Der Schreibstil der Autorin ist unkompliziert und einfach gehalten, wodurch sich das Buch sehr gut weglesen lässt, allerdings war mir die Sprache (manche Ausdrücke) etwas zu modern. Ich habe z.B. nicht wirklich nachvollziehen können, warum Flüsse und Ortschaften mit den alten Namen der damaligen Zeit benannt wurden, gleichzeitig aber von Italien als ganzem, der Grippe oder einer Trompete die Rede war. Irgendwie haben diese Begriffe nicht zum „Danuius“ oder „Altimoennis“ gepasst. Vielleicht auch auf Grund der teilweise modernen Begriffe fühlte ich mich nicht immer ins Altertum und in die Zeit vor Christus versetzt. Wenn die Druiden nicht aufgetaucht wären, dann hätten wir uns irgendwie schon fast im Mittelalter befinden können, der Unterschied wird erst mit dem Glauben, der Religion der Druiden/ Kelten deutlicher.

Positiv ist mir Birgit Jaeckels Umgang mit der keltischen/ druidischen Kultur und Religion aufgefallen. Auch der kleine „übersinnliche“ Touch mit Talias Gabe, Seelen sehen zu können, hat mich keineswegs gestört, zumal er auch wohl dosiert und nicht übertrieben dargestellt war. Grundsätzlich mag ich übersinnliche Aspekte in historischen Romanen nicht unbedingt, aber in einem Buch, das „Die Druidin“ heißt, musste ich wohl eh damit rechnen und für mich hat die Autorin das genau richtig dosiert eingesetzt und mit schönen Ideen für den Glauben der Menschen der damaligen Zeit geschmückt. Dennoch gab es auch im Hinblick auf den Glauben eine Szene, die mir zu lang geraten ist. Wenn die Autorin da gekürzt hätte, dafür aber Talias Entwicklung, wie sie und später auch Sumelis lernen mit ihrer Gabe umzugehen, etwas ausführlicher beschrieben hätte, hätte mir das Buch deutlich besser gefallen. Zwischenzeitlich hatte ich das Gefühl, dass an den falschen Stellen gekürzt worden ist.
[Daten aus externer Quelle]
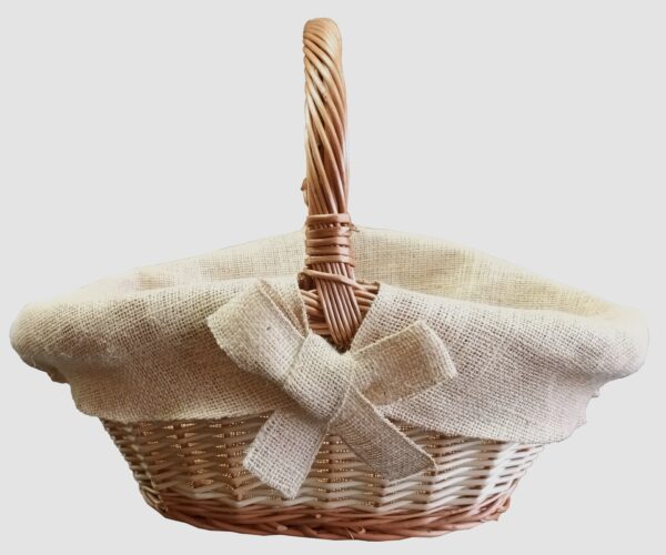 Višenamjenska košara, omiljena za aranžiranje poklona, kao i za odlazak u kupovinu. Izrađena je u kombinaciji dvije prirodne boje šibe te umetkom od prirodne jute.

Die Figuren habe ich eigentlich gleich zu Beginn sehr lebendig empfunden, weil sie agieren, intrigieren und Pläne schmieden, auch wenn sie vielleicht teilweise ein wenig zu eindimensional sind. Sie sind entweder nur „böse“ oder nur „gut“, wobei ich die bösen Charaktere erstmal faszinierender finde. Vor allem Atharic war mir oftmals viel zu viel der strahlende Held, der die weibliche Hauptfigur zu oft aus brenzligen Situationen rettet. Grundsätzlich war er mir zu glatt, zu perfekt, ohne Ecken und Kanten. Talia, die weibliche Hauptfigur, mochte ich eigentlich recht gerne, allerdings ist sie mir fast ein wenig zu blass geblieben, vielleicht auch dadurch bedingt, dass in meinen Augen wichtige Phasen ihres Lebens zu kurz oder gar nicht beschrieben wurden. Ihr Vater Caran ist eigentlich der einzige, der so richtig aus der Masse raussticht, er ist nicht nur sympathisch und gut, manchmal agiert er auch auf eine Art und Weise, die mich echt wütend auf ihn machen. Er ist eindeutig mein Held des Buches!